> SUPPLIED INFORMATION:
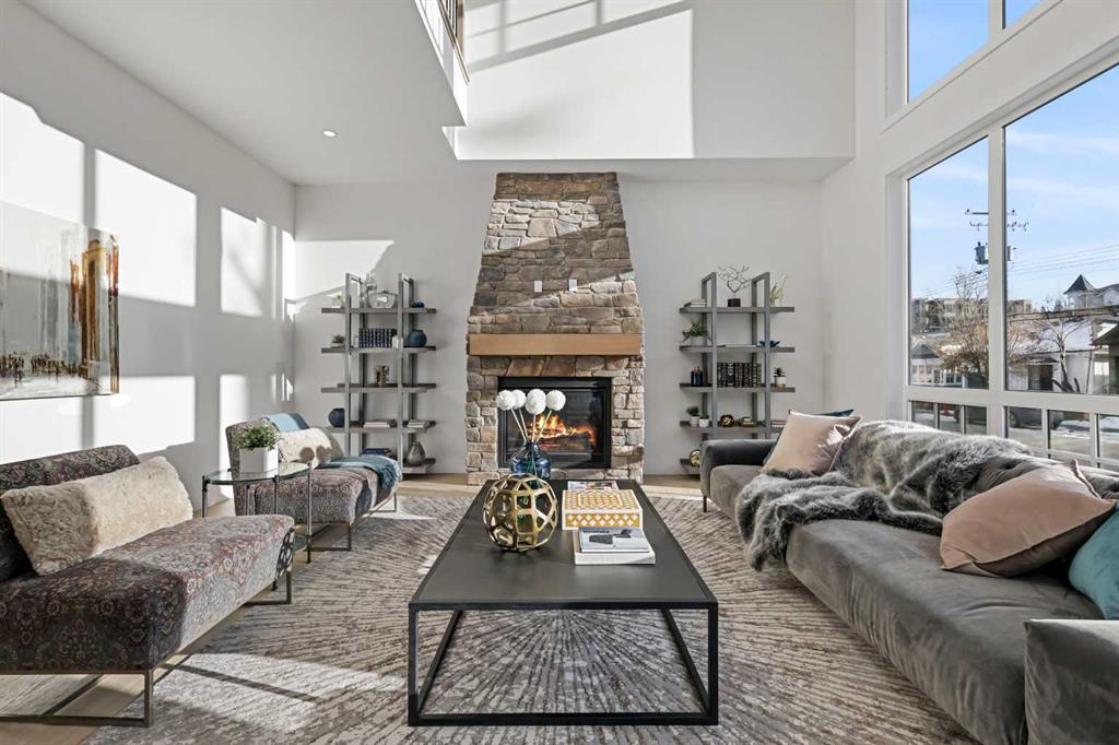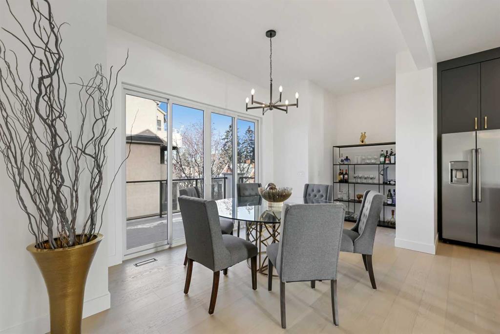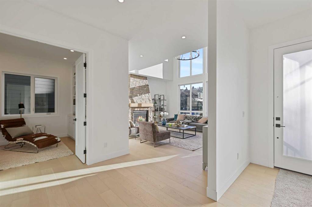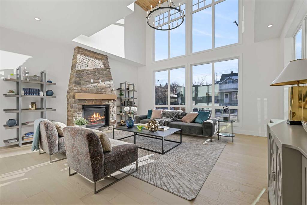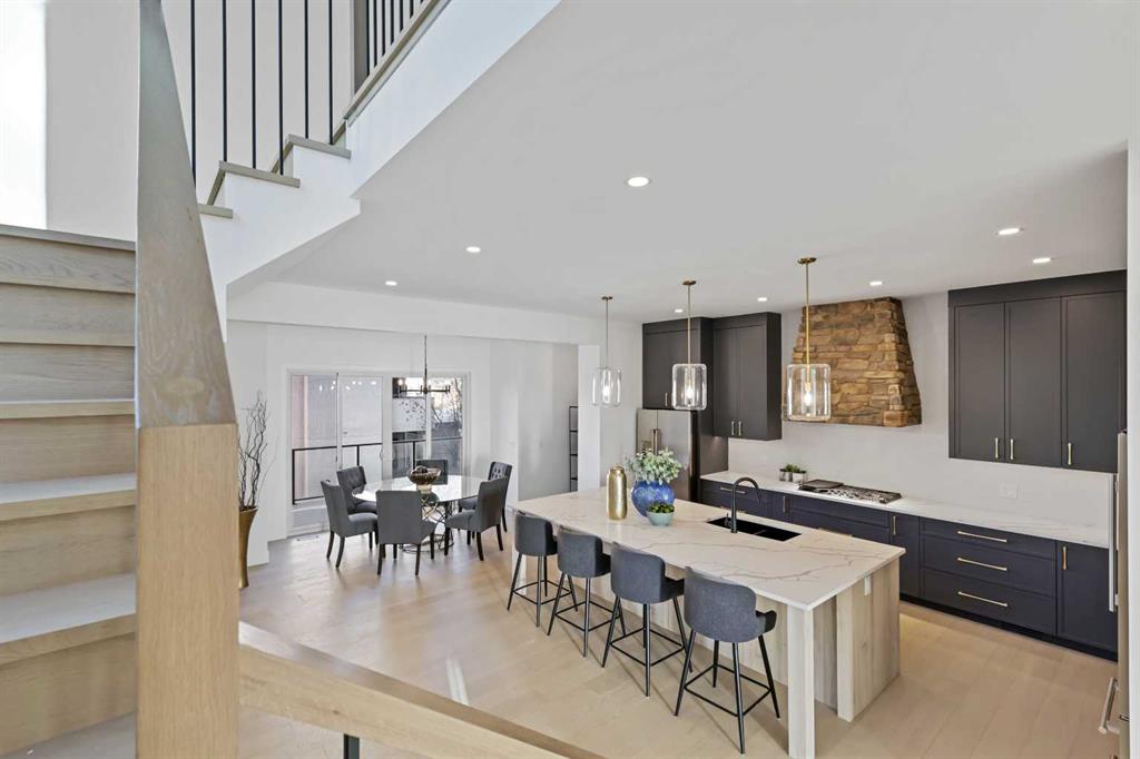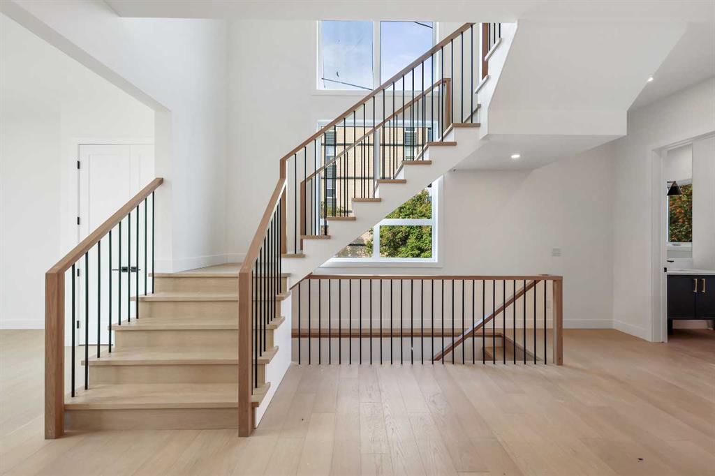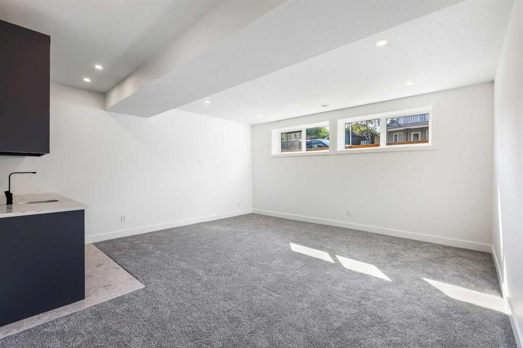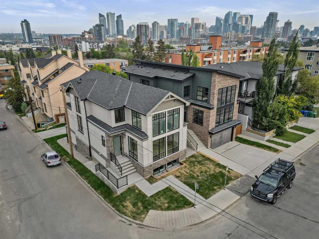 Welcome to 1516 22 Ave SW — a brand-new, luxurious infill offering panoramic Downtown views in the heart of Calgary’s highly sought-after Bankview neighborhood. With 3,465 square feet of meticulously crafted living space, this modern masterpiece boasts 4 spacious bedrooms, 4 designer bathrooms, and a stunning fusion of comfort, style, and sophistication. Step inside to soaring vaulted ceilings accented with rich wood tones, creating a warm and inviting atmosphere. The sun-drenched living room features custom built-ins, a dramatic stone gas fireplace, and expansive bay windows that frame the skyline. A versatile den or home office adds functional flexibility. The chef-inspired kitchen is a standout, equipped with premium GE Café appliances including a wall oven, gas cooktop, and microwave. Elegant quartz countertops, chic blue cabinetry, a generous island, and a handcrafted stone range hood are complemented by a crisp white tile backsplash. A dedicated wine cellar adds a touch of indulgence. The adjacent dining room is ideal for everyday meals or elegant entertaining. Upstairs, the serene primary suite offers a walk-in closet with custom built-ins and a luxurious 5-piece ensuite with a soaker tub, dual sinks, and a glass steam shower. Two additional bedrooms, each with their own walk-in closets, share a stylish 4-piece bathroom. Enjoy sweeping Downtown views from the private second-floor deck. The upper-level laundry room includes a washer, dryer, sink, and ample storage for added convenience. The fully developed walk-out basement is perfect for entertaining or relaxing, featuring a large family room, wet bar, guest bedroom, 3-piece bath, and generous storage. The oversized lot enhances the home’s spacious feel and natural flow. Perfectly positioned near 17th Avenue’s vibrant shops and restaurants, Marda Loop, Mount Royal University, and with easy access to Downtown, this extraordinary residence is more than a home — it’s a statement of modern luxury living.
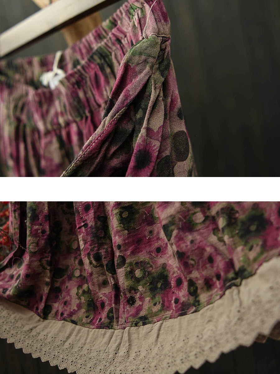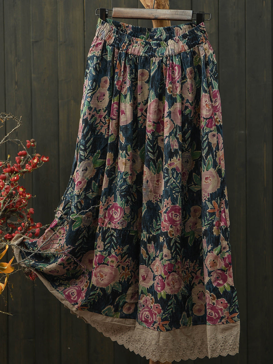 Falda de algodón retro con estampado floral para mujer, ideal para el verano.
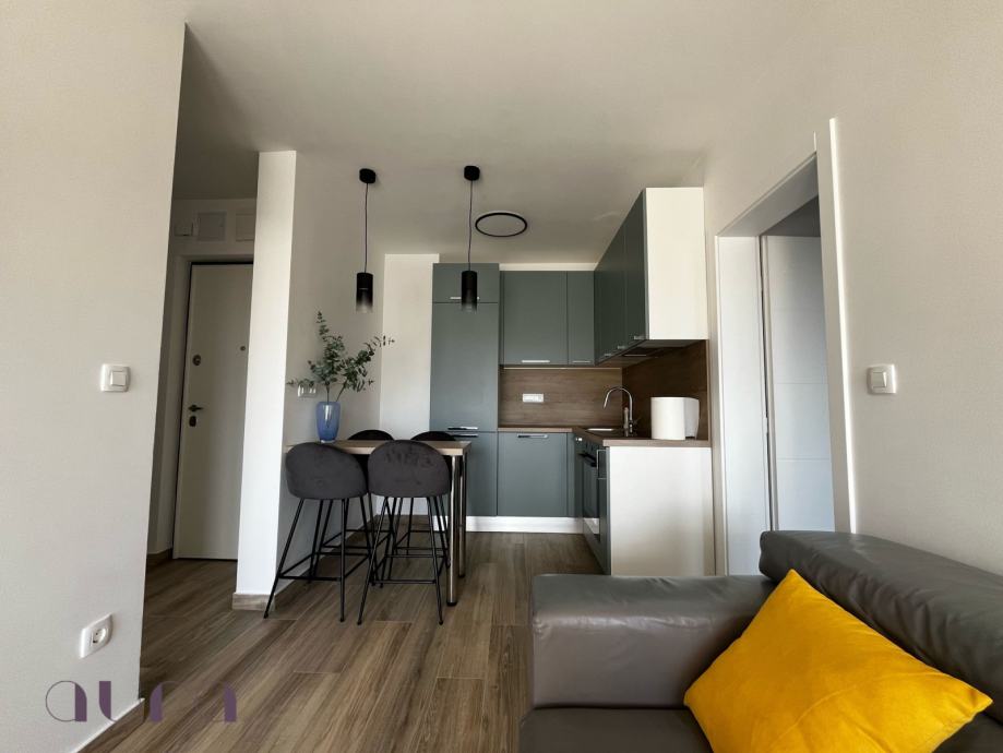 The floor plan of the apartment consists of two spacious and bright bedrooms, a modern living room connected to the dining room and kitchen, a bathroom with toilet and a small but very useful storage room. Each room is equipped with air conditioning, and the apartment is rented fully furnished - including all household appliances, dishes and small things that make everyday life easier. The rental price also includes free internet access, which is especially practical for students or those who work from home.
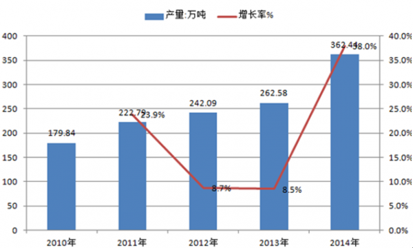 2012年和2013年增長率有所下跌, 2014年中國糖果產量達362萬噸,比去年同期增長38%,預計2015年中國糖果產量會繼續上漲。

> WORK ITEM:
Nothing but the lines from the one with "Falda de algodón" through the last line of the material above should appear in the answer, each copied exactly, with no pictures.

> ANSWER TO THIS EXERCISE:
 Falda de algodón retro con estampado floral para mujer, ideal para el verano.
 The floor plan of the apartment consists of two spacious and bright bedrooms, a modern living room connected to the dining room and kitchen, a bathroom with toilet and a small but very useful storage room. Each room is equipped with air conditioning, and the apartment is rented fully furnished - including all household appliances, dishes and small things that make everyday life easier. The rental price also includes free internet access, which is especially practical for students or those who work from home.
 2012年和2013年增長率有所下跌, 2014年中國糖果產量達362萬噸,比去年同期增長38%,預計2015年中國糖果產量會繼續上漲。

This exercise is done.